Using a set of long-lined, hard-hitting harpoons would allow a mission to grab large samples from multiple locations on an asteroid or moon — and to get them from beneath the surface, where some of the most interesting material lies, say researchers developing the idea.
"This technology will be able for the first time to pull samples of the order of a few kilograms from depths of a few meters, which could greatly enhance our knowledge of solar system objects and the resources therein," Robert Winglee of the University of Washington and his colleagues wrote in a NASA report detailing their project. [Our Solar System: A Photo Tour of the Planets]

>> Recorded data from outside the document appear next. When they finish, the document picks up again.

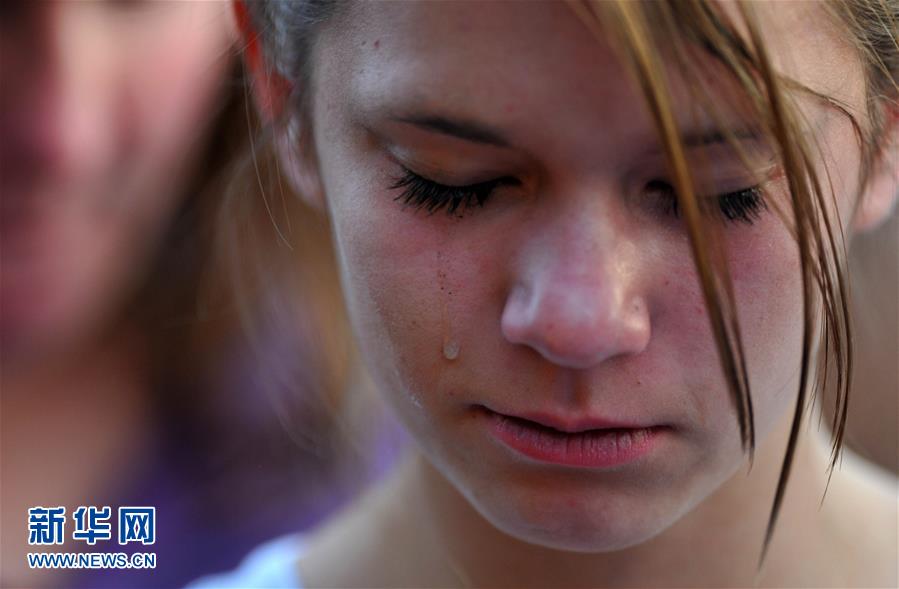 这是7月22日,一名女孩在纪念枪击案遇难者的仪式上伤心落泪。新华社记者 杨磊 摄
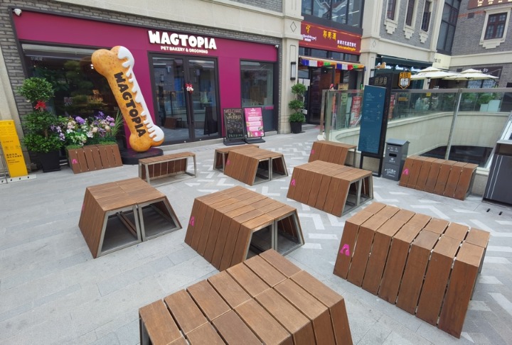昔步·统益里,以宠物烘焙和美容服务为特色的全国首店“WAGTOPIA”靠门前十多个外摆的宠物跑梯吸引了大量客流陈玺撼摄
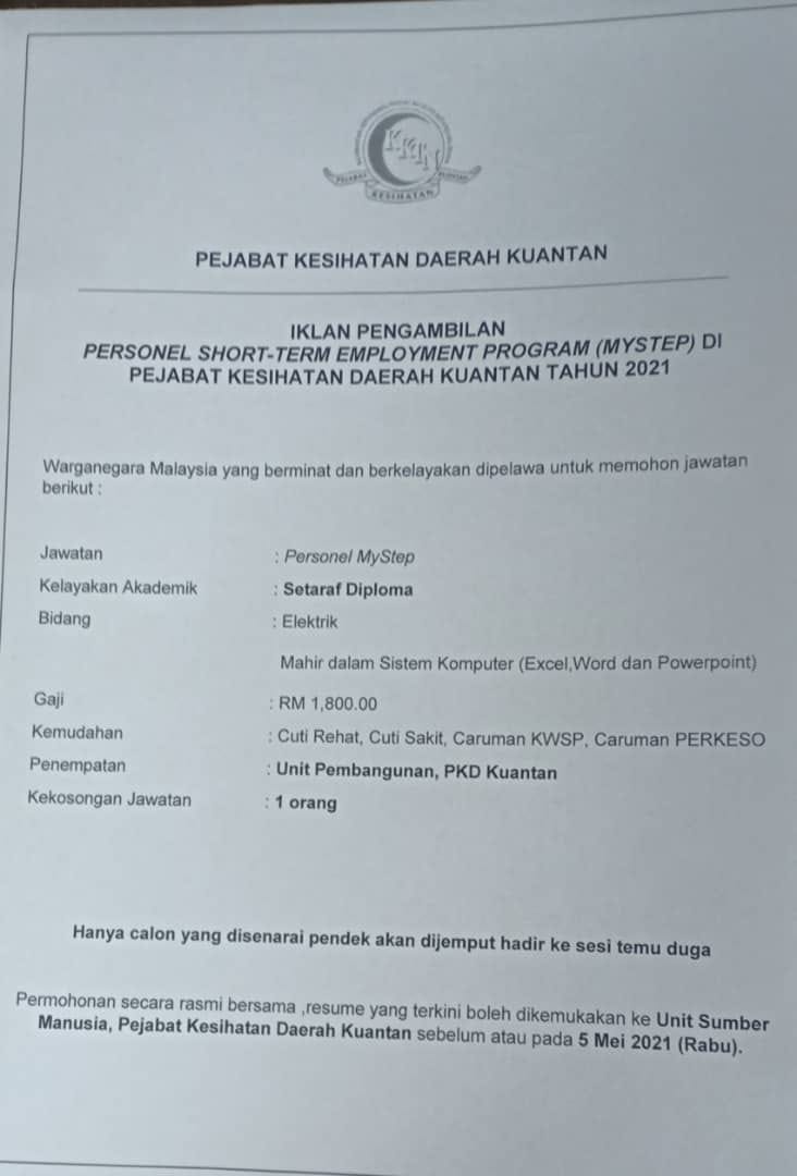 Iklan Jawatan Pejabat Kesihatan Daerah Kuantan
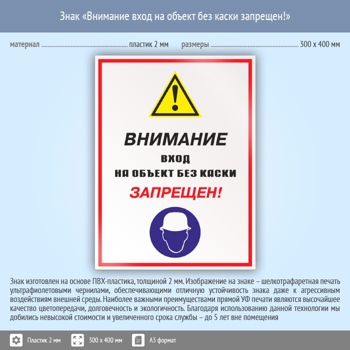 Знак «Внимание вход на объект без каски запрещен!», КЗ-13 (пластик, 300х400 мм) в Москве купить
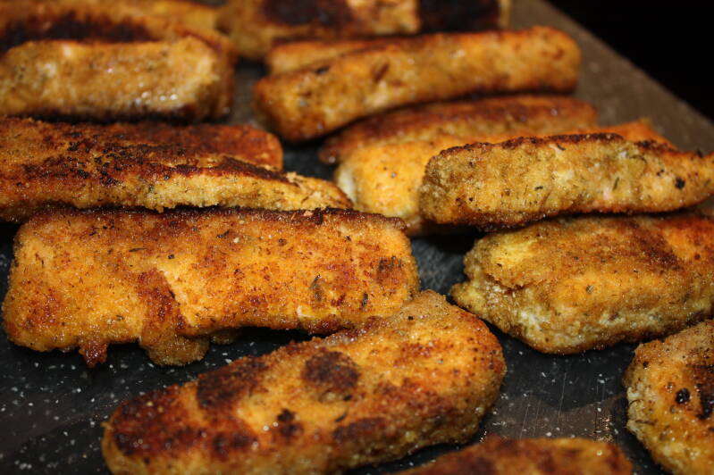 - Tijdens het dippen in het ei en de paneermeel kunnen er klonten ei met paneermeel aan je vingers blijven plakken, haal deze tussendoor weg.
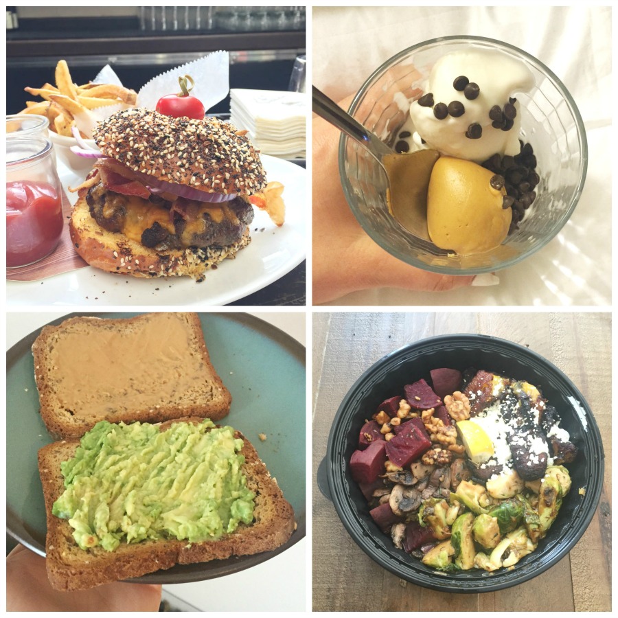 1) bacon cheeseburger from David Burke Kitchen (full disclosure - didn’t eat the bread. Ate about 10 fries). 2) Toasted Coconut Arctic Zero with chocolate chips and peanut butter. 3) Toast - I have toast of some sort just about every day. 4) Market veggie plate from Westville - roasted beets, fried plantains, roasted brussels sprouts, sautéed mushrooms.
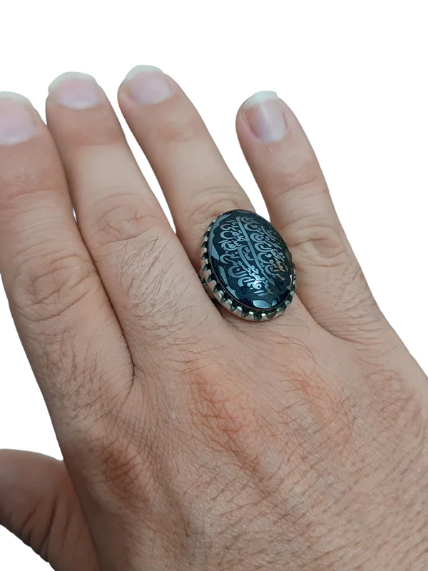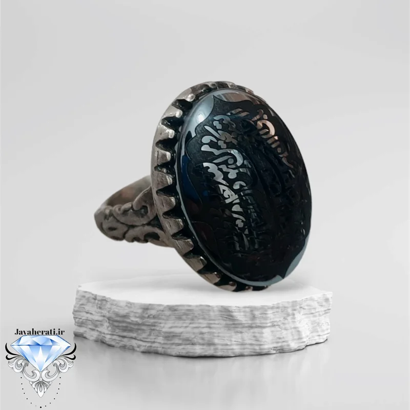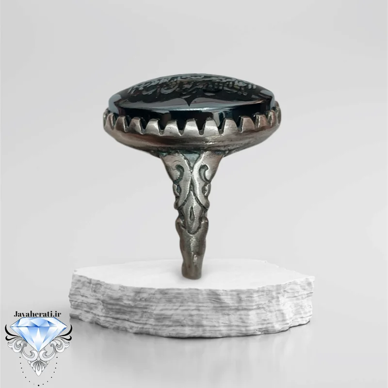 انگشتر حدید صینی طبیعی حکاکی بینظیر آیه3سوره طلاق مناسب رزق وروزی
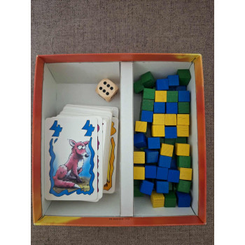 Hiánytalan,a doboza kopott,de maga a játék jó állapotú ,nyomtatott magyar nyelvű játékszabállyal. 8 éves kortól, 2-6 játékos részére.Kukoricát,kukoricát! Kiáltja számtalan csőr a baromfiudvaron.A tyúkok,libák,kacsák,pulykák mindig éhesek,és ha rajtuk múlna,egy pillanatra sem hagynák abba az evést. Ami azt illeti,a róka is mindig éhes,ámbátor egész más menüre fáj a foga... A játék célja:A csirkék,kacsák és libák kellemesen kigömbölyödnek,ha bőven jutnak élelemhez.Ugyanez igaz a ravaszdi rókára is,aki bármiféle óvatlan szárnyast szívesen fogyaszt.....A játékot az a játékos nyeri,aki a játék végén a legkövérebb baromfikkal és a legtáplálóbb kukoricákkal rendelkezik.
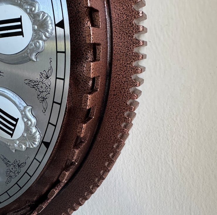 This steampunk clock is a captivating and unique piece with a diameter of 300mm. It is ingeniously crafted from a Mercedes flex plate, giving it an automotive-inspired foundation. The surface of the flex plate has been powder-coated in an antique gold finish, adding an elegant, vintage texture that highlights the industrial theme while remaining quiet due to its silent mechanism.

"Moreover, it offers the opportunity to take multiple samples (from either multiple objects or from multiple areas of a few objects) at little extra cost so that it will provide much greater flexibility and greatly enhance the science return for any given mission," they added.
A new paradigm for sample-return?
While robotic spacecraft are getting more and more capable and independent, scientists are still keen to bring extraterrestrial material back to the lab for analysis. There's just no substitute for human expertise, they say — and there's no way to pack all of the instruments in a typical university lab onto a space probe.
The standard way to do a robotic sample-return mission is to perform a soft landing on a celestial object, collect small amounts of material and then blast off toward Earth once again. Japan's Hayabusa probe employed this strategy, for example, when it chased down the asteroid Itokawa in 2005.
"We're not talking about doing that," Winglee said earlier this month at the 2014 NASA Innovative Advanced Concepts (NIAC) symposium at Stanford University. "We're talking about using the kinetic energy of the spacecraft as it's moving past the object, and we're not asking the system to brake, so you save energy and delta v [change in velocity]."
The team's concept currently calls for a sample-return spacecraft to carry six lightweight, rocket-shaped "penetrators," which would be swung down at the target object(s) from orbit or during a flyby using a miles-long space tether.
The penetrators would hit at high speed — up to 2,240 mph (3,605 km/h, or 1 km/sec) or so — and go deep beneath the surface. During the impact, they would collect several kilograms of material in a sampling canister, which would be reeled back to the parent probe by the tether for eventual return to Earth. (The outer shell of the penetrator would remain in the ground.)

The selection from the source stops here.